Suddenly, the company released a poll asking the public if they would like Beanie Babies to continue to be created. It cost 50 cents to vote. Unsurprisingly, the majority voted to keep the toys in production. Also, unsurprisingly, America wasn’t happy to have essentially been tricked into paying Warner’s company for what was probably a fake retirement.
Some think this was all a ploy on Warner’s part to make an extra buck. Still, all earnings were donated to the Elizabeth Glaser Pediatric AIDS Foundation. Whether this was the original plan or a last-minute move on Warner’s part to avoid criticism is not known. However, he “unretired” Beanie Babies in 2000.
3 Those Iconic Poems
Back when the Beanie Babies company itself was just a baby of a company, its twelfth employee, Lina Trivedi, came up with an idea that would change the course of stuffed animal history.
Pointing out that the tags on the Beanie Babies were kind of boring, she suggested giving each toy its own name and a little poem to go with. After showing Warner a sample poem, he was so blown away that he asked her to write another. And then another. And then another.
Suddenly, Lina was in charge of designing and writing each poem for the first 136 Beanie Babies. At the time, only 19 years old, Trivedi arguably is the reason for Beanie Babies’ success. Not only for the poems, which made each toy unique and increased sales but also for essentially creating and directing the first ever business-to-consumer website, which she got the idea for from watching fellow classmates’ growing interest in the Internet throughout the mid-1990s.
In 2023, The Beanie Bubble was released, a film based on the history of the famous toy. In it, the women of Warner’s life are seen as majorly responsible for the success of the company. When interviewed about the accuracy of the movie, Warner claimed that “Lina was a part-time employee. The movie vastly overstates her role.”
In response, Lina claimed, “The [poems] after I left sucked.”
2 Beanie Inspired by an Ex
The dating history of Ty Warner is an interesting one. Even though he’s never been married and has no children, Warner’s been fairly public about his romantic escapades. Although, that’s probably because two of his longest-lasting girlfriends worked for him.

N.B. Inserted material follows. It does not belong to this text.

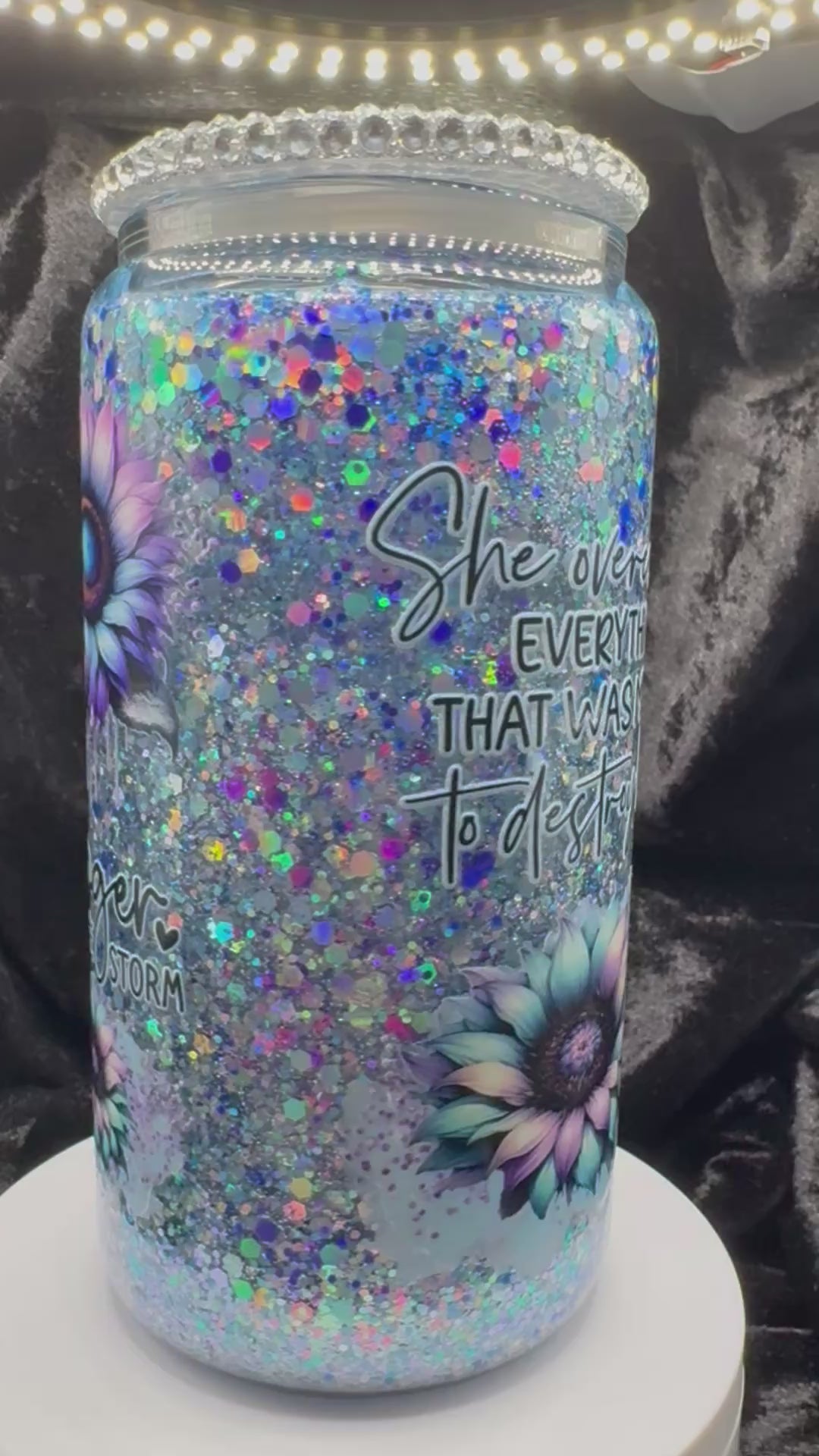 Comes with a straw and silver rhinestone lid.

Patricia Roche was Warner’s girlfriend when he started the company, and eventually ended up running the United Kingdom division of the company. While Warner had help in naming most of the Beanie Babies, he did name one after Roche: “Patti the Platypus.”
Eventually, though, Patricia decided she was done with Warner’s eccentric ways and ended the relationship.
Knowing that she is now his ex gives new meaning to the poem attached to the Beanie Baby: “Ran into Patti one day while walking / Believe me she wouldn’t stop talking / Listened and listened to her speak / That would explain her extra long beak!”
1 From Beanie Craze to Tax Evasion
In 2013, Warner was charged with tax evasion for evading nearly $5.6 million in federal taxes by underreporting his own earnings and (like some kind of cartoon villain) saving money in a secret account in a Swiss bank.
He was faced with up to five years in prison but was only given 500 hours of community service and a $100,000 fine. The leniency is probably due to his known support of and donations to charities such as the Red Cross and the Princess Diana Memorial Fund. He even received the Children’s Champion Award from the Children’s Hunger Fund in 2006 for his philanthropic endeavors.
Warner broke down in tears while pleading guilty, saying he felt “shame and embarrassment.” One reporter described him as “sounding like a child forced to confess that he had driven the family car without permission.” Britain’s Daily Mail called him “a crybaby.”